Monday, May 15, 2017

his profound knowledge of men and things - notes on Nostromo

What a relief – I have been reading Joseph Conrad’s Nostromo (1904) – that some novelist finally figured out that 1) stories do not have to be told like a medieval chronicle – “and then, and then” – and 2) that entire scenes – important­ scenes – can simply be skipped.  And there the story is, as intact, as told, as ever.

Henry James had figured this out around the same time as Conrad, as I saw in The Wings of the Dove.  I know, we can think of plenty – well, some – earlier examples. There’s that sequence in Ivanhoe (1820) of parallel chapters, right?  At the siege?  You know.

Nostromo is a bit of a thriller, even a bit of a heist story, so the time jumps could be used for suspense, but are instead generally used for irony.  Conrad moves me forward in one strand of the story so that when he goes back to pick up another strand, I know more than the characters.  This is a form of suspense, I suppose, but the question is what events will erupt when the characters learn what I know.  I bet they’ll be surprised!

The first chapter is hardly something that belongs in a novel at all.  It is more of a geography, but of a fictional town in a fictional country, Costaguana, that has some resemblance to Colombia.  Much of the chapter is about the exact arrangement of the islands in the harbor, some of which can be immediately forgotten, some of which is crucial to understanding the story.  A little inset tale about the ghosts of doomed treasure-hunters foreshadows the plot, but otherwise there are barely people in this chapter.

The second introduces some people, including Captain Mitchell, “’Fussy Joe’ for the commanders of the Company’s Ships, Captain Joseph Mitchell prided himself on his profound knowledge of men and things in the country – cosas de Costaguana” (I.2).

All of the Conrad I have read, aside from The Secret Agent (1907) and “The Secret Sharer” (1908) has been from the fertile period of 1897 to 1902, the time of the southeast Asian seas or his stand-in narrator Marlow or both, in Lord Jim (1900), say.  My understanding is that Conrad had something of an artistic crisis that moved him elsewhere, to the London anarchists of The Secret Agent and here, earlier, to the remote Pacific province of a South American country that he had visited once, twenty-five years earlier, and that he mostly patched together from a couple of books.  He fooled me, at least.  I was convinced.  Some of the extraneous history Conrad includes made me think that that Nostromo was a precursor of The Lord of the Rings.  World-building is what I believe people call this.

The other break is the Captain Mitchell character, an anti-Marlow.  In a novel by an ironist, we can guess that anyone who prides himself on his profound knowledge is actually a fool, which makes Captain Mitchell a great recurring narrative device: when Conrad needs someone who does not really understand what is going on, here he is.  Irony ensues.
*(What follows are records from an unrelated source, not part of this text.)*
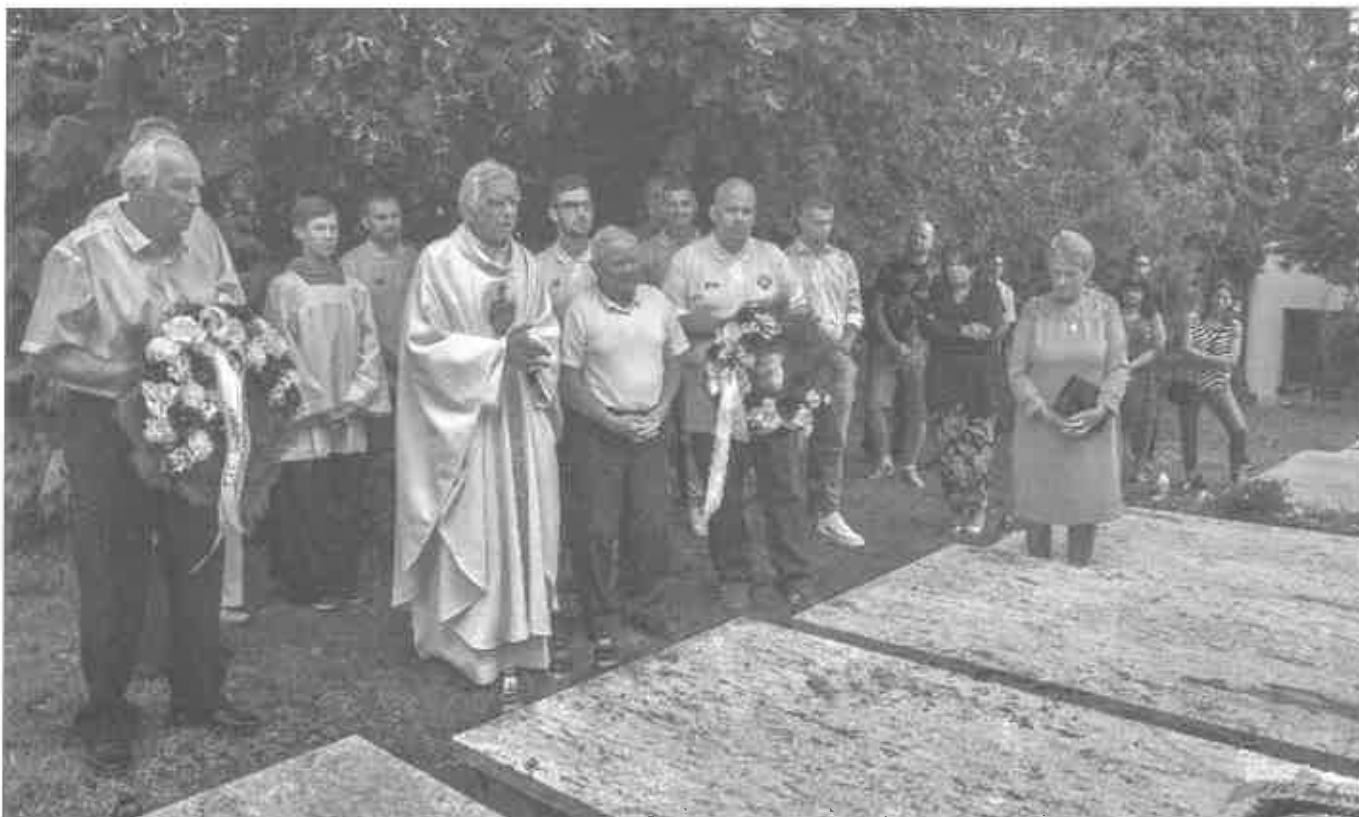
Mužstvo FTC Trakovice v sezóne 2023/2024
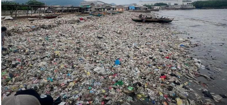
Gambar 1.1 Tumpukan Sampah di Pinggir Pantai di Lampung
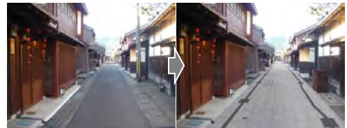
▲市道柳町線（三丁町）整備イメージ
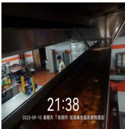
中厨房烟罩清洗前
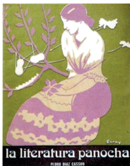
Portada de La literatura panocha de Pedro Díaz Cassou.

Dada la importancia que tal obra tiene en el sistema de riego de la huerta de Murcia, se ha seleccionado el siguiente fragmento, aunque, evidentemente, se trata de una leyenda, debida a la magnífica pluma de Pedro Díaz Cassou. 27
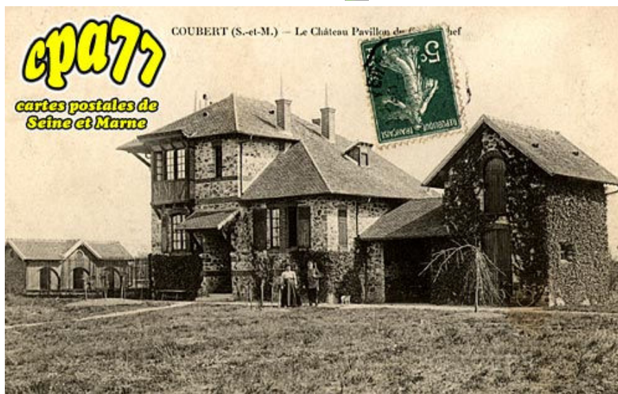
Le Château Pavillon du Grand Chef
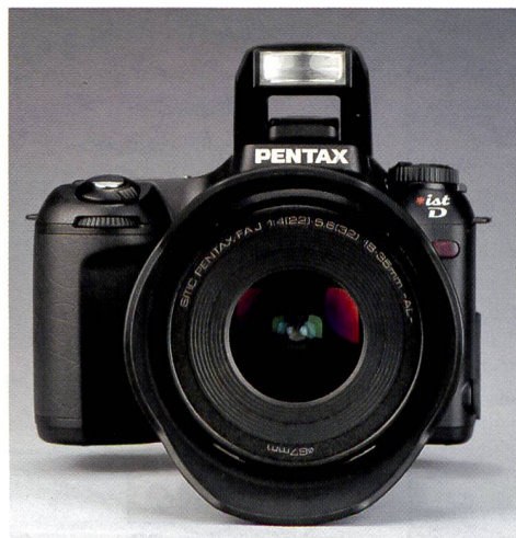
Das SMC Pentax-FA J 1:4-5,6 18-38mm-AL-Zoom-objektiv ist speziell für die Pentax *ist D gerechnet.

Am Betriebsartenwählrad wird die gewünschte Bildqualität, die ISO-Empfindlichkeit (200, 400, 800 und 1600), sowie der Weissabgleich eingestellt. Neben fest eingestellten Positionen für Sonne, Schatten, Bewölkung, Leuchtstoffröhren, Glühlampen und Blitzlicht, sind ein automatischer und drei durch den Anwender definierte Einstellungen möglich. Eine Besonderheit findet sich unterhalb des Betriebsartenwählrades. Per Knopfdruck
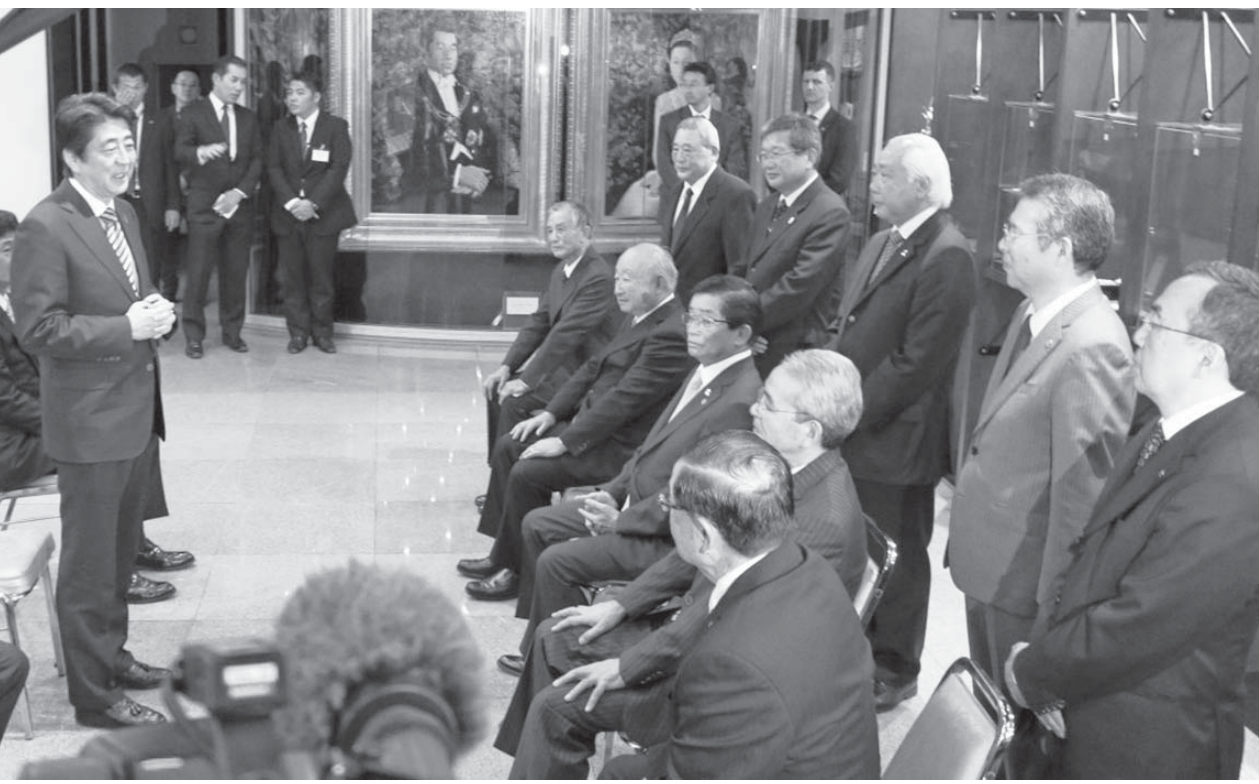
2014年8月2日、聖市の移民史料館を訪れた安倍晋三首相は、日系5団体代表を前に「日伯の太い関係を作りたい」と語った
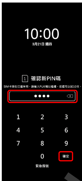
4. 確認新 PIN 碼 → 確定
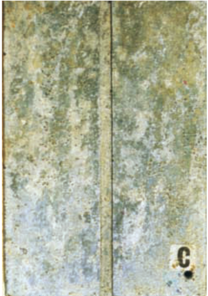
Et 6 mm bredt fræset spor gennem en 60 µm tyk zinkbelægning på stål og eksponeret i 5 år i svært industrimiljø i Holland. Bemærk belægningen af zinksalte i sporet der er uden rustangreb..

Yderligere information ved henvendelse til:
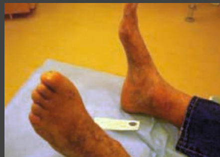
TARTÓS BEMER TERÁPIA UTÁN
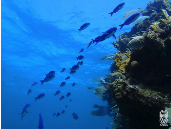
FIGURA 2. Arrecifes de coral en la zona núcleo en el norte del Parque Nacional Arrecifes de Xcalak
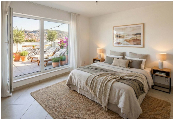
Schlafzimmer 3, virtuell möbliert
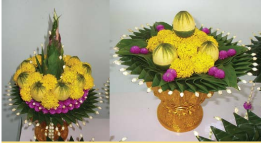
ชั้นหมาก 3 พานเป็นสิ่งสำคัญขาดไม่ได้ รวมเรียกว่า หัวชั้นหมาก หรือชาวบ้านเรียกว่า พานหัว พานคอ และพานคาง ใช้ในสำหรับไหว้ตายาย (ภาพถ่าย 11 พฤษภาคม 2552)

ถวายพระกับการเซ่นไหว้สิ่งศักดิ์สิทธิ์ ภูมิเจ้าที่ ส่วนสัญลักษณ์พิธีกรรมมีการเปลี่ยนแปลง ลักษณะหุ่นให้มีรูปร่างตั้งเทพ ตามวิถีคิดของชาวบ้านได้หยิบยืมเทพตามแบบฉบับอิทธิพลทางศาสนาฮินดูผสมผสานกับความเชื่อตามวิถีการพึ่งพาธรรมชาติ จึงตกแต่งหุ่นให้มีลักษณะท้องป่องๆ คล้ายกับเทพแทนความอุดมสมบูรณ์ ขึ้นมาเป็นตัวแทนชื่อว่าพ่อชุกพุกกับแม่สุนทรี เป็นเทพแห่งความอุดมสมบูรณ์ประจำนาข้าว
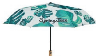
MU2006 MU2006 Paraguas plegable a 3 tiempos de 21" con mango de madera.
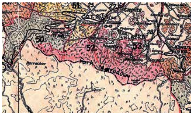
Ryc. 1. Wstępna granica KPN wg mapy z 1951 r.
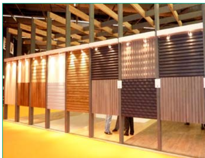
Perspective sur les panneaux de présentation de revêtements extérieurs
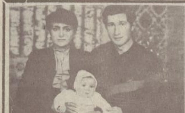
ՆՊԱՆՑ ԶԱՊՐԱՆՆԻ ԶԱՄԻՆԵՐԸ
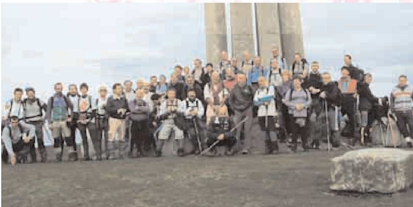
Besaide. Etapa 21 – Vuelta a Bizkaia. 17 de enero de 2004.

Tras el paréntesis veraniego, en septiembre abordamos uno de los macizos míticos para los vizcainos, el de Ganekogorta, otro de los montes llamados “bocineros” porque desde él se llamaba a Juntas Generales. De nuevo, el laberinto que conforman las pistas abiertas para la repoblación es uno de los factores que nos traen a mal traer a los montañeros. Al inicio de la marcha, en la aproxima-
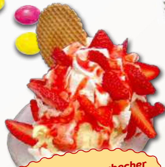
5. Kinder-Erdbeerbecher € 5,60
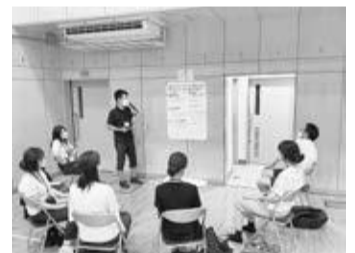
学園・学校におけるワークショップ

これらの意見を踏まえた上で、令和5年度以降、第5次三鷹市基本計画の策定に向けた検討と整合を図りながら、次期三鷹市教育ビジョン（仮称）の策定に向けて、子どもたちや幅広い市民、関係者の皆様と更に議論を深めていく予定です。
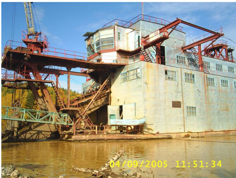
Рис. 1.5. Добыча золота дражным способом
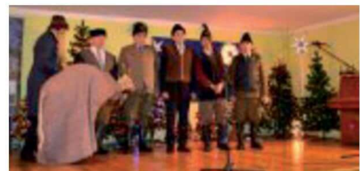
Zespół Kołędniczy Z Kozą z Wyszonek Błoni
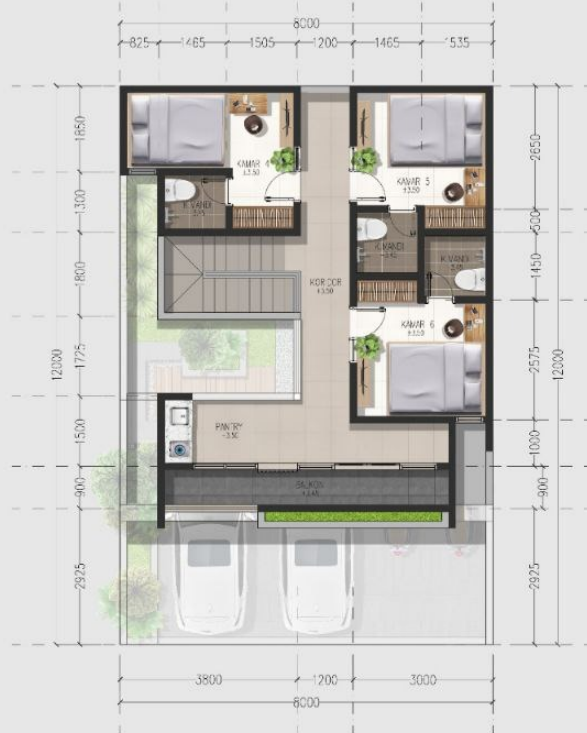
DENAH LT. ATAS
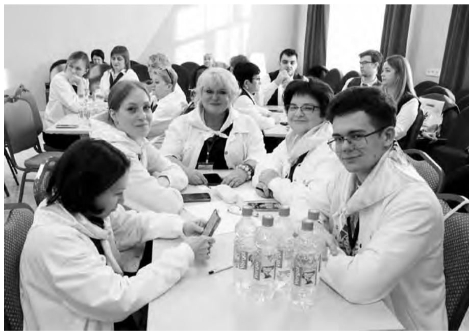
Профактивисты Южного округа Москвы

Команда Южного административного округа Москвы среди территориальных организаций с численностью более тысячи человек заняла третье место. По мнению председателя территориальной профорга-
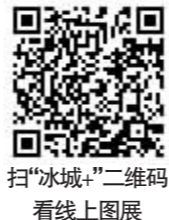
扫“冰城+”二维码 看线上图展
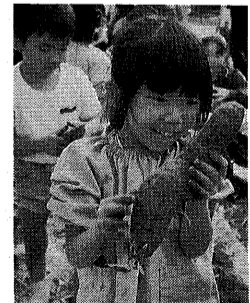
大きなサツマイモにびっくり

「オオカマキリはここでつかまえたんだよ」「コオロギとかね、バッタとかがね、いっぱいいたんだよ」目をきらきら輝かせて話す子どもたちに案内してもらったのが園舎の裏の空き地です。虫探しをしたり、落ち葉拾いをしたり、どろんこ遊びができる、子どもたちのお気に入りの活動場
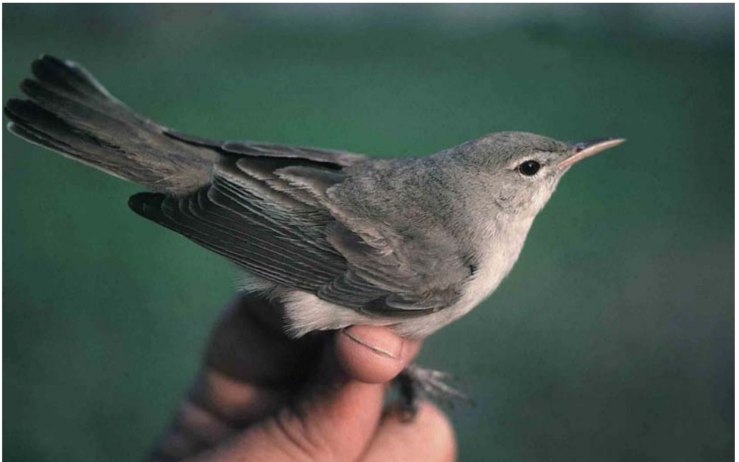
173 Upcher's Warbler / Grote Vale Spotvogel Hippolais languida , Jubail, Gulf, Saudi Arabia, 30 April 1991
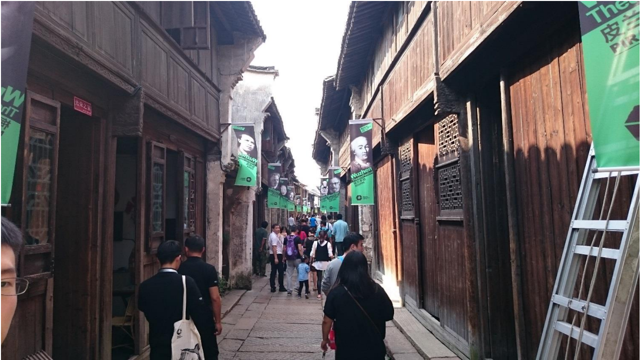
烏鎮街頭藝術大師旗招
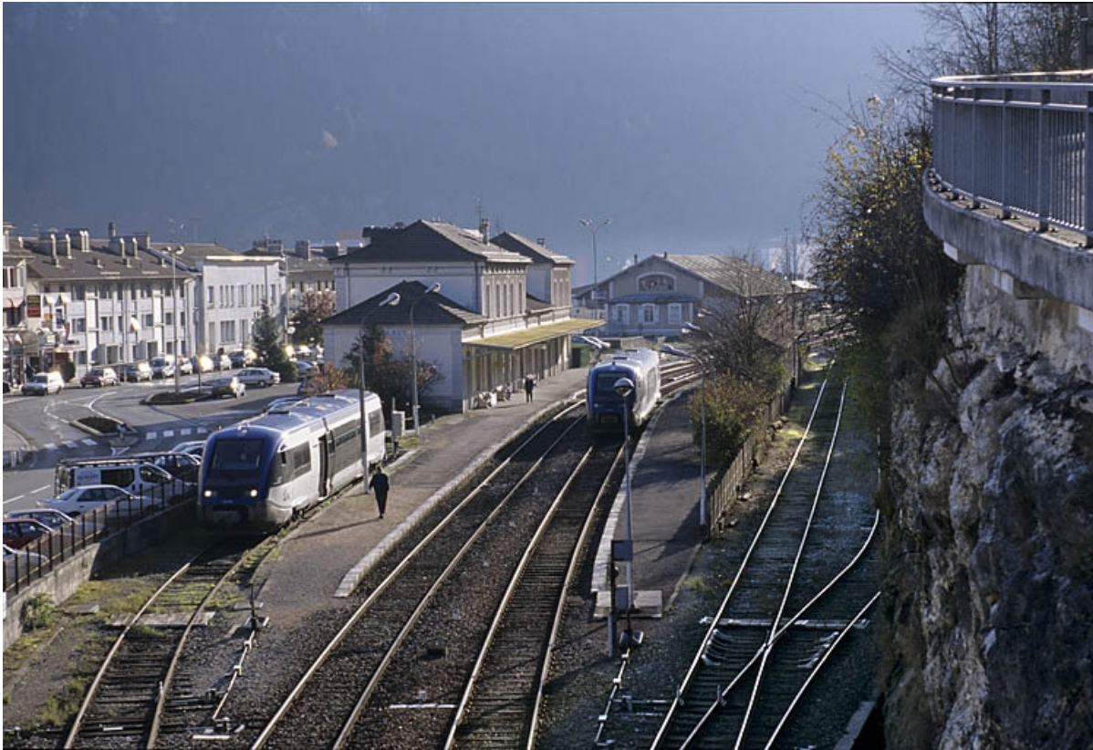
Vue d'ensemble du site depuis le pont routier, au nord.
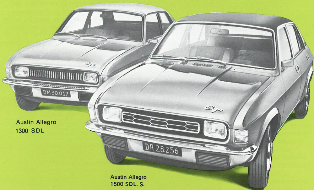
Austin Allegro 1300 SDL
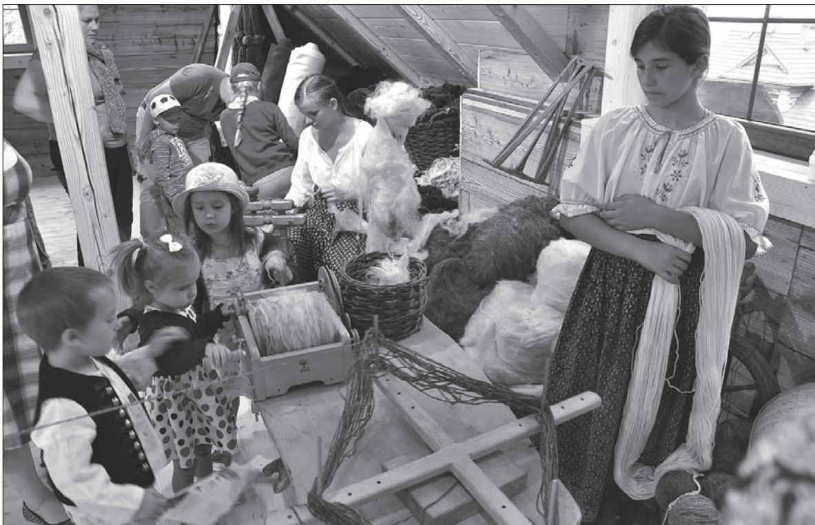
Podczas imprezy m.in. zaprezentowano tradycyjną obróbkę wełny.
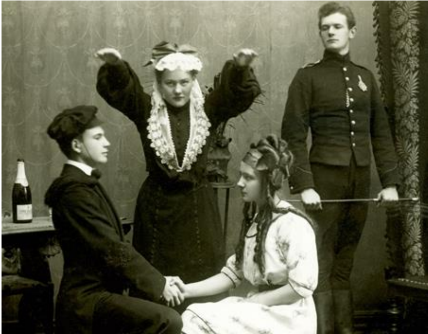
Teaterforestilling, «Kavallerichok», 1911
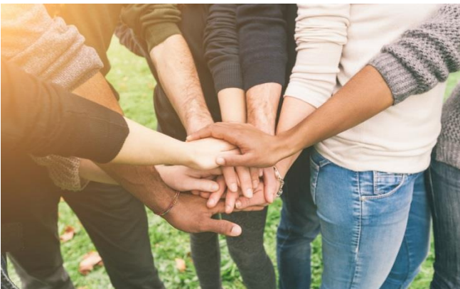
RE/init e. V. unterstützt Menschen in der Region Emscher-Lippe.
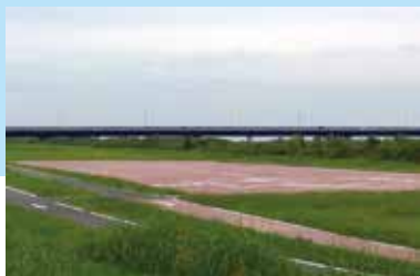
11 さか わ さ がん 酒匂川左岸 サイクリング場
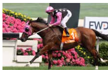
富衛保險冠軍一哩賽
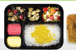
زرشک پلو با مرغ ران مرغ ۳۵۰ گرم / چلو ۳۵۰ گرم برنج ایرانی
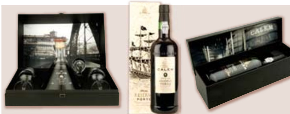
10 Years Old Tawny ve skleněném dekantéru, zabroušená zátka a dvě skleničky ve speciálním boxu
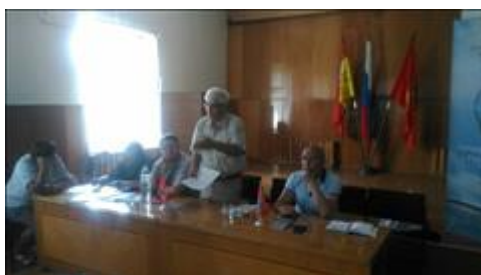
Проведение правового семинара в пгт Грибановский Юристы правового центра "Точка опоры Воронеж" проводят лекцию-семинар, юридическую консультацию в рамках проекта.
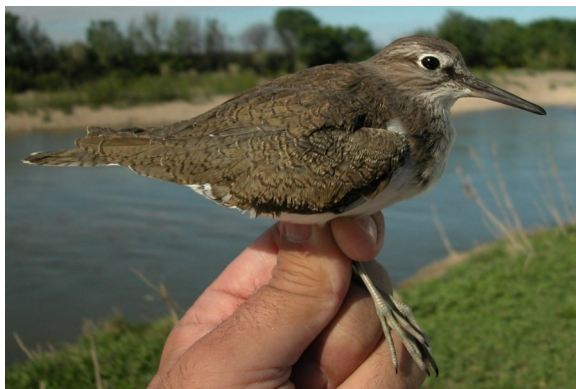
Andarríos chico. Primavera. Adulto (01-V).
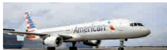
▲受害者父母入稟法院控告美國航空

根據受害女童的父母提交上法庭的文件指出，他們的女兒當日單獨乘機，旁邊是空位。飛行途中，女童睡着了，但突然驚醒，感覺到有人撫摸身體，而旁邊的空位坐了一名男子。女童趁男子去洗手間之際通知機組人員，機組人員安排她改坐頭等艙空位。客機降落后，警方登機帶走該名男子。
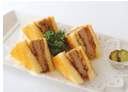
ポークフィレカツサンドウィッチ Filet of Pork Cutlet Sandwich

コーヒーまたは紅茶またはハーブティー付 with Coffee or Tea or Herbal Tea
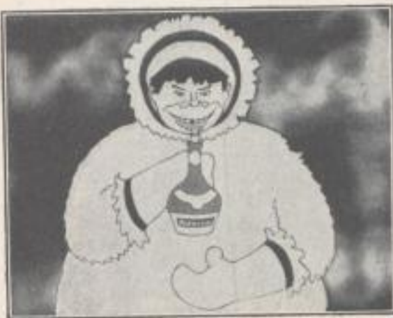
Bardinet erhältlich in der ganzen Welt!
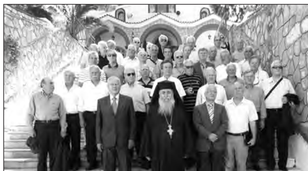
ΙΕΡΟΔΙΔΑΣΚΑΛΕΙΟΝ. Για τέτοιο είχε φτιαχτεί το κτίριο κάποτε μα στη πορεία έγινε Σχολή Χωροφυλακής...

Μπορεί να μη γίναμε ιεροδιδάκαλοι, ιερομόναχοι ή ιεροκήρυκες...Ξέρω όμως ότι η τάξη μου έβγαλε ικανούς αξιωματικούς για το ρόλο που τους προόριζε η Πολιτεία, η
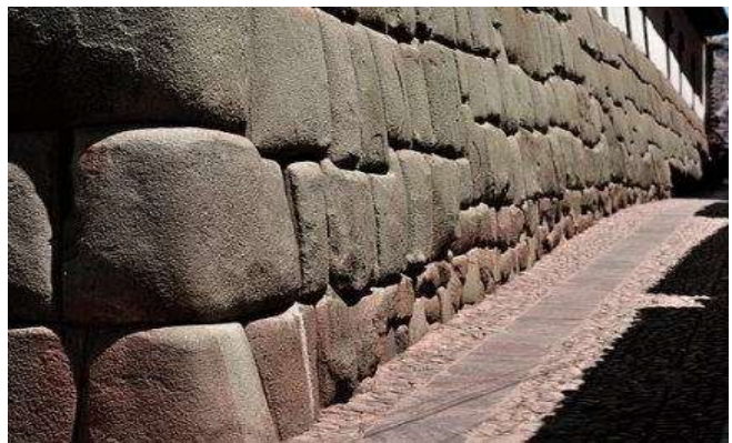
Parets de Cuzco

Patrick Kurp writes that he is currently reading Nostromo for “moral education.”  I wonder what he is learning.  I will likely write one more repetitive post about how events are not quite in order.  That’s what I learned.


  1. Man, I've really got to read more Conrad. My wife just finished Ford Madox Ford's book on their friendship and collaboration, which she highly recommends.

  2. Under Western Eyes is truly fascinating, both as a response to Crime and Punishment and as Conrad working out his Russia issues on page. Also it's just a good read.

    Haven't read Nostromo but I gather I should.

  3. I am looking at what I have written with just the slightest twinge of dismay. Just to be clear, this Captain Mitchell figure, despite my attention to him, is a minor figure, and his narration an occasional device. But it is a device that links to a major figure and major device from several earlier Conrad works; thus my obsession.

    Nostromo is narrated in a number of ways, with great fluidity and ingenuity. It has a great "something for everyone" quality.

    The FMF book is a must for me, someday.

  4. Under Western Eyes and Victory were the last books I bought, so I am ready to follow Maya's suggestion.

  5. I remember being badly defeated by Nostromo about 25 years ago. Time to revisit. The Secret Agent is a real favourite of mine--will you be (re)reading that one soon? Maya's comment makes me want to read Under Western Eyes stat.

  6. Will I read The Secret Agent soon? Maybe. It is short, punchy, funny, has a ticking bomb, etc. Fun. Also quite fluid with the point of view.

  7. Yes, interesting play with POV. It *is* funny. And also really not funny. Stevie is one of the great characters.

  8. It's half horror and half Man Who Was Thursday.